MATERIALS PROVIDED:
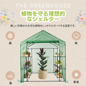 温室 ビニールハウス 家庭用 保温 観葉植物 園芸 室棚 大型 栽培 花 野菜 植物 防雨 防寒 風対策 UV防護 収納庫 多機能 簡易 家庭菜園 菜園用 園芸用 ベランダ
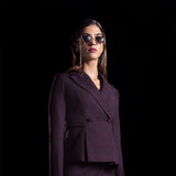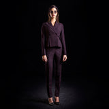 Burgundy Half Canvas DB Peplum Wool Suit Ensemble with Pleated Cuffs & Pocket Flap
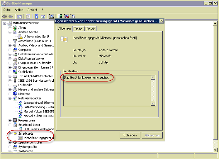 Anschließend funktioniert die SmartCard korrekt. Sie können dann zum weiteren Punkt bei der Einrichtung und Konfiguration von RKSV übergehen.
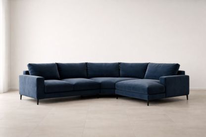 Dark Blue L-Shaped Polyester Fabric Sectional Sofa
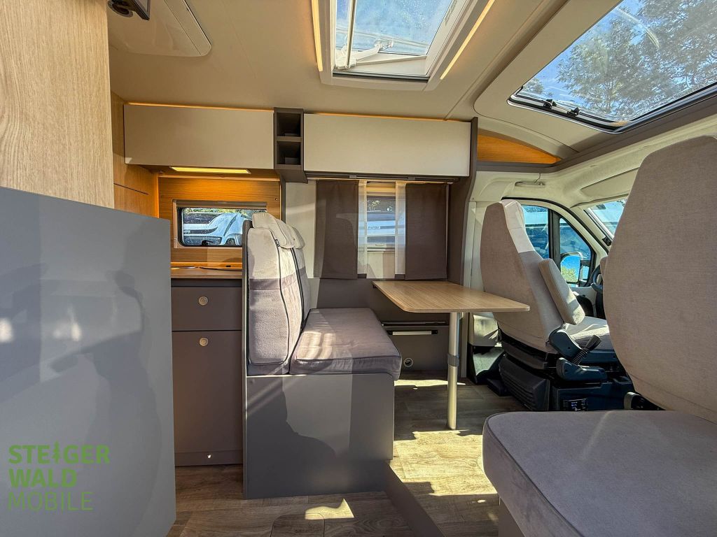 • Tourer Paket: Multifunktionslenkrad mit Bedienelement, Lenkrad und Schaltknauf (Lederausführung), Aluminiumfelgen 16″, Fliegenschutztür, Vorbereitung SAT, Klimaanlage, Solar inkl. Dachverstärkung, Vorbereitung Solar, Dachhaube Midi-Heki, Panoramafenster (T-Haube), Traktion Plus, Beleuchtungsspots im Bodenbereich, Indirekte Beleuchtung Küchenrückwand, Indirekte Beleuchtung ober- und unterhalb der Hängeschränke, LED-Leisten im Schlafbereich, Faltrollosystem Fahrerhaus
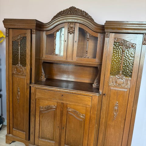 Smukt gammelt skab - med pænt spejl og smukke låger. Indeholder 5 hylder og en stor skuffe underst.
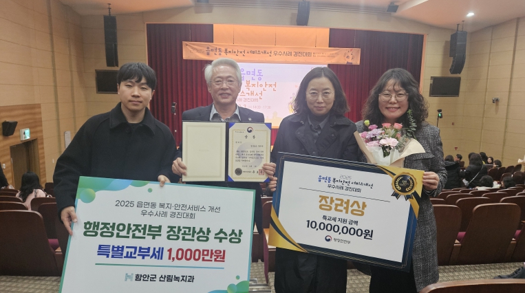 [메이저뉴스]함안군은 지난 3일 행정안전부가 주관한 ‘2025년 읍면동 복지·안전서비스 우수사례 경진대회’에서 장려상을 수상했다고 밝혔다.
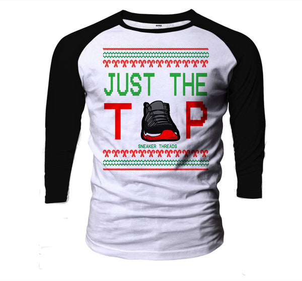 Ugly Christmas raglan shirt with sneaker themes.

TASK TO CARRY OUT: Could the lines from the first entry through the line that contains "Dark Blue L-Shaped" be copied exactly, with all pictures left out?

RESPONSE AREA:
 温室 ビニールハウス 家庭用 保温 観葉植物 園芸 室棚 大型 栽培 花 野菜 植物 防雨 防寒 風対策 UV防護 収納庫 多機能 簡易 家庭菜園 菜園用 園芸用 ベランダ
 Burgundy Half Canvas DB Peplum Wool Suit Ensemble with Pleated Cuffs & Pocket Flap
 Anschließend funktioniert die SmartCard korrekt. Sie können dann zum weiteren Punkt bei der Einrichtung und Konfiguration von RKSV übergehen.
 Dark Blue L-Shaped Polyester Fabric Sectional Sofa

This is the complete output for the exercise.